* _Records for this task_
***

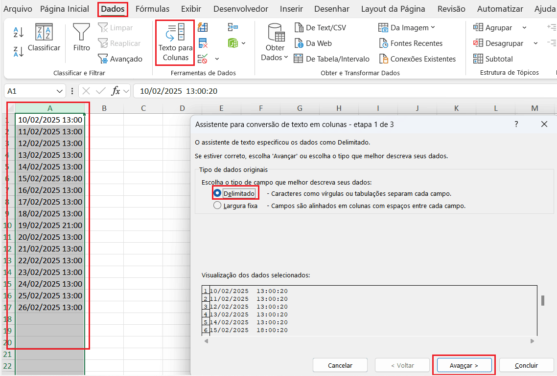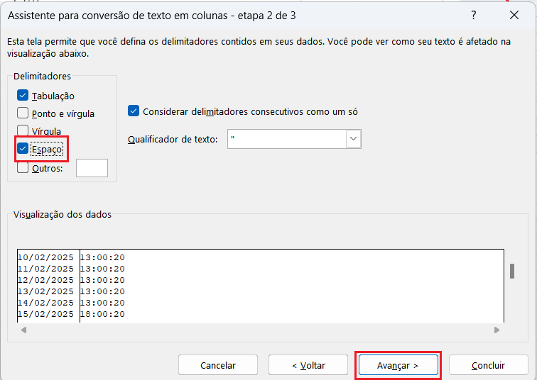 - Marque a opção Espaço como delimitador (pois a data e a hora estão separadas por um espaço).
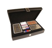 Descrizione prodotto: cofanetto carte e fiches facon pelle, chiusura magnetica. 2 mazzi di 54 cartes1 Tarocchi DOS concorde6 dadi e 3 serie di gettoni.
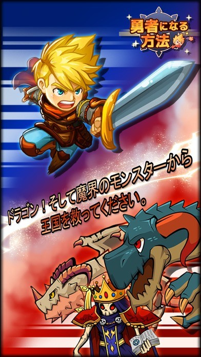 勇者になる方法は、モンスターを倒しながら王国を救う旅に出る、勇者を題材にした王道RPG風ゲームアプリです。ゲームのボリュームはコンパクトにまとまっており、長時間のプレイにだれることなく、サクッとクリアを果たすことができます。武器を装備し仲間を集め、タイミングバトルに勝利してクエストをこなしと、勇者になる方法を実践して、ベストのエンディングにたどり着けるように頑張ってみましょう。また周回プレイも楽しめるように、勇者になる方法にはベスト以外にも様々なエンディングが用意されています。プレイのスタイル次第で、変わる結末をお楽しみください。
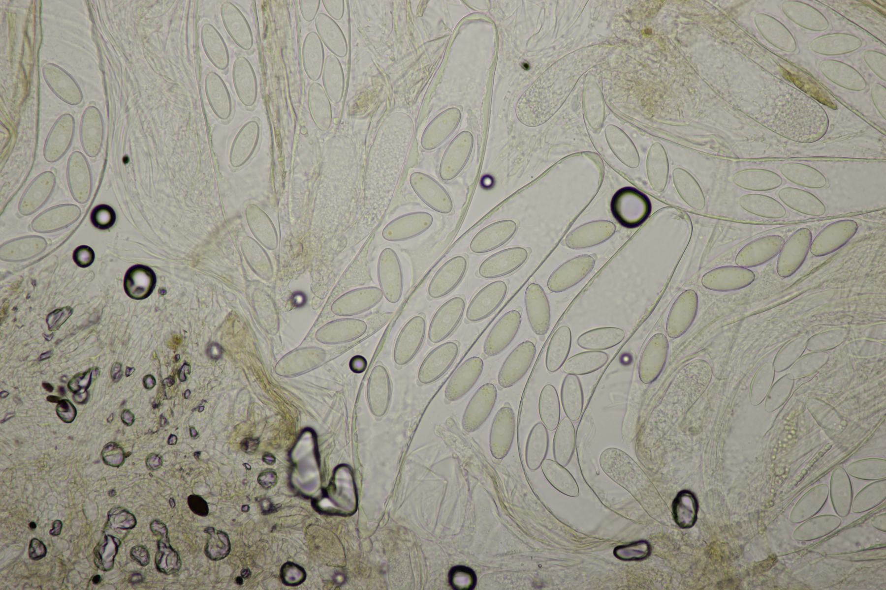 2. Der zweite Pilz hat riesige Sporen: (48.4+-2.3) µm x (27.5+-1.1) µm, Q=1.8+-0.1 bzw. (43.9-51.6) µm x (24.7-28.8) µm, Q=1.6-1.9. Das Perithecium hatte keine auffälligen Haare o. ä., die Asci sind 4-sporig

***

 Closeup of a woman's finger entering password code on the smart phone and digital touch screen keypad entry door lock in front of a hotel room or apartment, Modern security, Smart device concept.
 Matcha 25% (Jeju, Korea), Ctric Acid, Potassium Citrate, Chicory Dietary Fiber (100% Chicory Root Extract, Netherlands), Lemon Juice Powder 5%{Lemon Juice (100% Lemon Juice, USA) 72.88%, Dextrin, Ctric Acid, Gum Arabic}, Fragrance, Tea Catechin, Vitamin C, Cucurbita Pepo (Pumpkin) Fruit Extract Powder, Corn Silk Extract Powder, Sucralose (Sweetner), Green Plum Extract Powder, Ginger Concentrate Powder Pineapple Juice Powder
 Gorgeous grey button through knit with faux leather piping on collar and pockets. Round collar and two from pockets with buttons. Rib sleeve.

***

* _Task details_
Above are the records; return the lines in them from the one with "- Marque a opção" to the one with "2. Der zweite", inclusive, exactly and without images.

* _Exercise solution_
 - Marque a opção Espaço como delimitador (pois a data e a hora estão separadas por um espaço).
 Descrizione prodotto: cofanetto carte e fiches facon pelle, chiusura magnetica. 2 mazzi di 54 cartes1 Tarocchi DOS concorde6 dadi e 3 serie di gettoni.
 勇者になる方法は、モンスターを倒しながら王国を救う旅に出る、勇者を題材にした王道RPG風ゲームアプリです。ゲームのボリュームはコンパクトにまとまっており、長時間のプレイにだれることなく、サクッとクリアを果たすことができます。武器を装備し仲間を集め、タイミングバトルに勝利してクエストをこなしと、勇者になる方法を実践して、ベストのエンディングにたどり着けるように頑張ってみましょう。また周回プレイも楽しめるように、勇者になる方法にはベスト以外にも様々なエンディングが用意されています。プレイのスタイル次第で、変わる結末をお楽しみください。
 2. Der zweite Pilz hat riesige Sporen: (48.4+-2.3) µm x (27.5+-1.1) µm, Q=1.8+-0.1 bzw. (43.9-51.6) µm x (24.7-28.8) µm, Q=1.6-1.9. Das Perithecium hatte keine auffälligen Haare o. ä., die Asci sind 4-sporig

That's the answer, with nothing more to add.